Posted by TomKet on May 03 2006,11:22
Hi,
during installation i got a message in context of the cluster greatness? -> i thinking in the direction of Fat -> Fat32 because of the 4 GB PEN Drive.
How can i change the Script for installation on the App->Installation USB Pendrive that the Script format the Pendrive with FAT32 instead off FAT

Thanks for your issues
TOM

Posted by pr0f3550r on May 03 2006,17:26
'Cluster greatness' sounds too much like Scientology, and you are Tom... Katie... very scary!
Posted by TomKet on May 04 2006,06:15
Hi - very usefull issue - Thanks a lot :D
Sorry for the bad english but is there a opp. to fix the problem.
I try to explain it in a other way...
by formating with FAT the USB-Pendrive could only 2 GB or something like that.
So my Pendrive is 4 GB and so the installation routine of DSL had to use FAT32 for formating the Pendrive.

any solution?

TomKet (not Tom Cruise LOL)

Posted by pr0f3550r on May 04 2006,16:50
Wierd!
Fat16 should have a 4 GB filesize limit, not a 4GB partition limit.
Both ways you should be alright.
Try to reformat from another OS.
I'm curious, when you bought the stick, what fs what it formatted with?

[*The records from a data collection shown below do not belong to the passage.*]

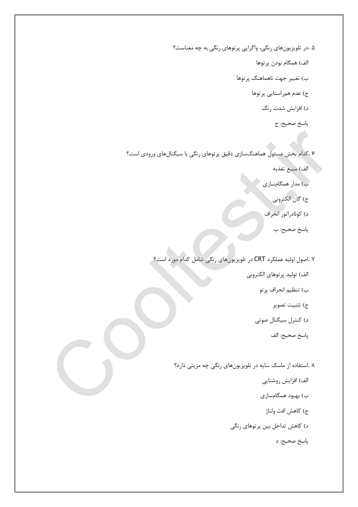 فهرست مطالب بسته سوالات تعمیرکار تلویزیون رنگی: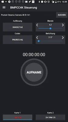 - Zeigt dabei den laufenden Timecode, verbleibenden Speicher und wichtige Parameter an.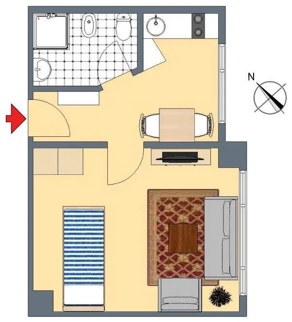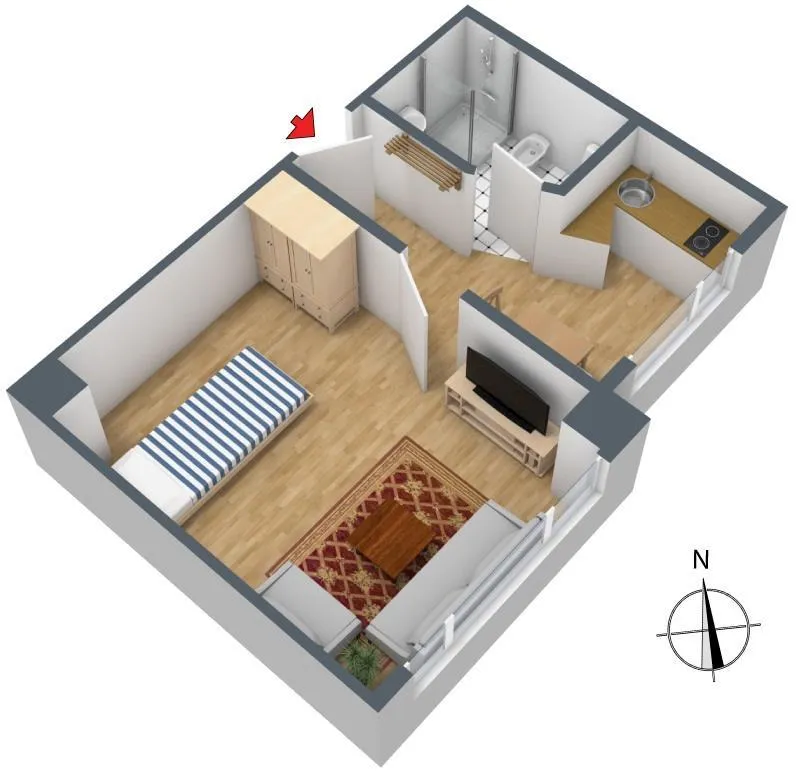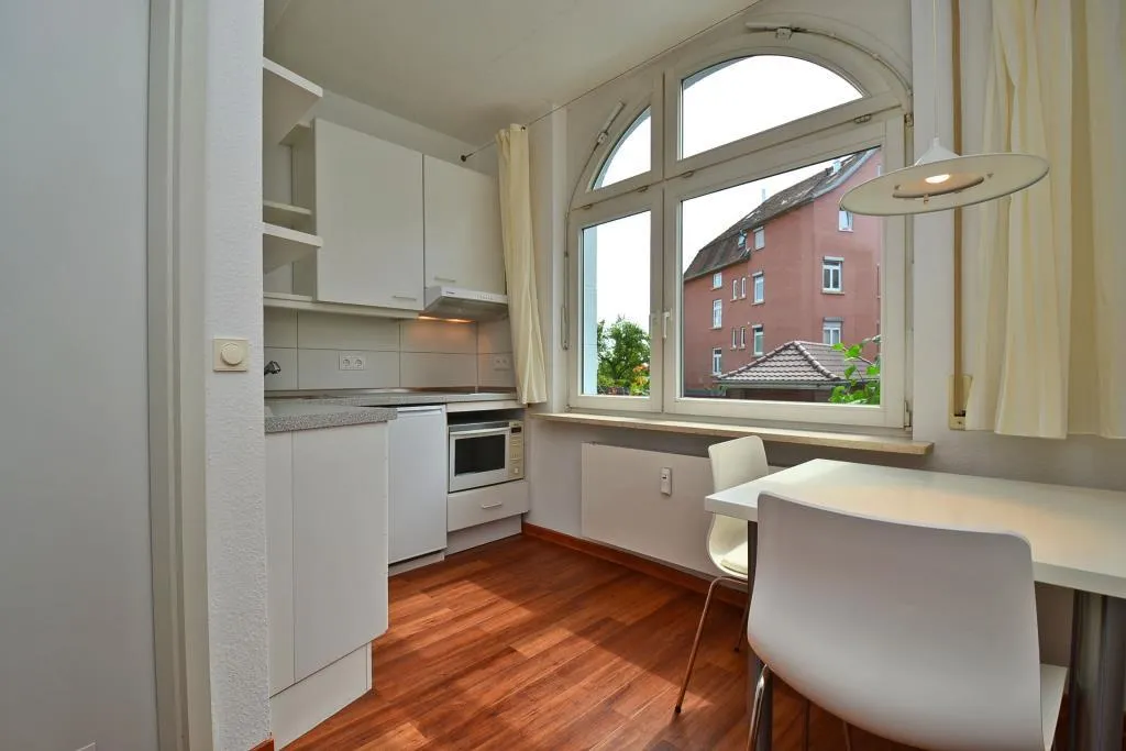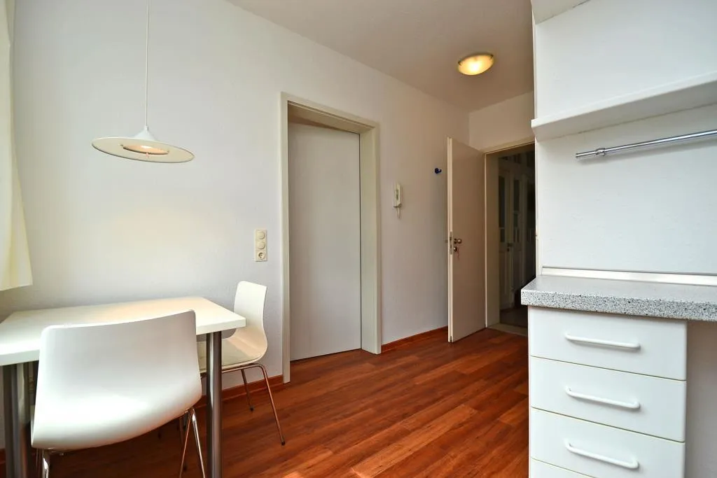 Diese teilmöblierte und frisch renovierte 1 1/2-Zimmer-Wohnung befindet sich im Hochparterre (Erdgeschoss).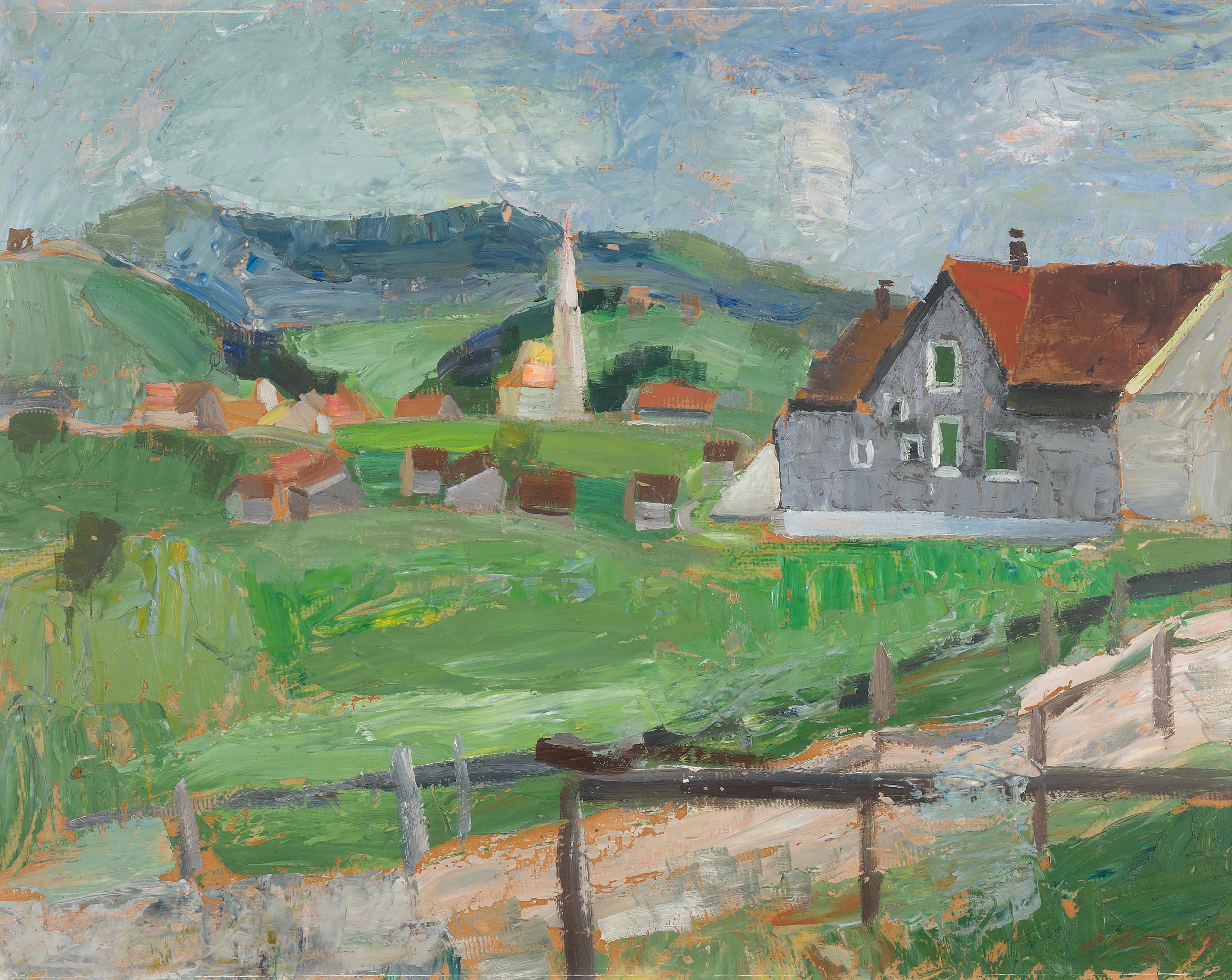 Landschaft bei Hemberg, um 1930. Öl auf Karton. Unten rechts signiert, verso bezeichnet. 50,5x66 cm.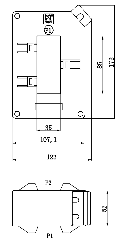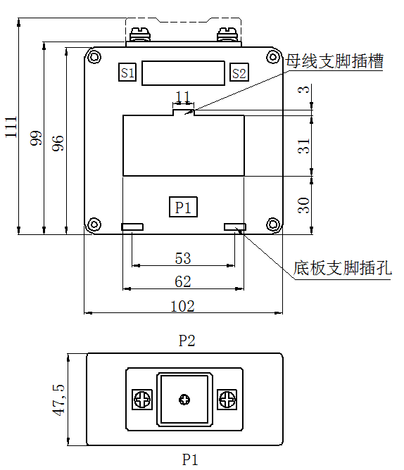 特点: 1.立式穿芯,安装方式灵活,既可固定于母线上,又可固定在底板上; 2.可配用多种型式的母线,如扁排式、圆形母线或电缆线; 3.输出端子为螺丝紧固压线式标准端子,便于在工程现场接线; 4.盒式结构,塑壳封闭,外形美观。

I'm sure this is no mission impossible, Tom!

Posted by cbagger01 on May 08 2006,03:37
Actually, Tom is correct.

FAT16 = 2.1GB size limit.

You cannot format your 4GB drive with FAT32 and use the default DSL USB bootloader called "syslinux", because syslinux only supports FAT16

HOWEVER, there are still ways to make it happen.

1) Manually format your drive FAT32 and then do a "poorman's" installation by copying the files and directories over from the CD drive to the USB drive.  Then manually install an alternative bootloader that supports FAT32 like say GRUB for example.

2) Manually format the first 2GB of your drive with FAT16 and then manually install DSL and the SYSLINUX bootloader. The rest of your drive will be unusable for MSWindows but otherwise should be usable for Linux if formatted.

3) Try the old USBHDD script, hopefully kicking around on the download site somewhere.  It formats your drive as an EXT2 partition and then installs EXTLINUX which works just fine.  The only drawback is that your entire drive will be unreadable by MSWindows because Windows does not understand the Linux EXT2 file system.